Trzy protestujące od poniedziałku związki zawodowe deklarują, że jeśli nie dojdzie do porozumienia z zarządem, górnicy nie opuszczą budynku nawet w czasie świąt. Domagają się wyrównania pensji w "Budryku" do średniej w kopalniach JSW, co oznaczałoby podwyżkę o ponad 700 zł już niebawem, a nie dopiero po 2011 roku.
Zarząd zapewnia, że chce rozmawiać, ale stawia jeden warunek - musi skończyć się strajk. Sześć innych działających w "Budryku" związków nie popiera protestu. Wynegocjowane przez nie porozumienie związane z wejściem kopalni do spółki zostało jednak dwukrotnie odrzucone przez załogę w referendum.
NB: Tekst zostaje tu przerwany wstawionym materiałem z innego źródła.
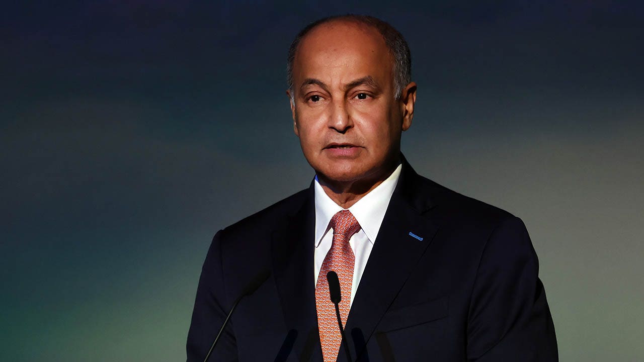 Captain Husain Al-Musallam, World Aquatics President speaks during the Opening Ceremony for the Fukuoka 2023 World Aquatics Championships at Boat Race Fukuoka on July 14, 2023 in Fukuoka, Japan. (Ian MacNicol/Getty Images)

Podwyżek ciągle nie ma W projekcie wynegocjowanego przez większość działających w kopalni związków porozumienia, ustalono m.in. rozłożony do 2011 r. harmonogram dochodzenia wynagrodzeń w "Budryku" do średniej w kopalniach JSW oraz włączenie do funduszu wynagrodzeń tzw. dojazdówki, czyli świadczeń na dojazdy do pracy.
Wzrost wynagrodzeń miał nastąpić od 1 października, choć wcześniej zarząd "Budryka" proponował, aby nastąpiło to od 1 stycznia 2008 r. Ponieważ jednak porozumienia nie podpisano, podwyżek nadal nie ma.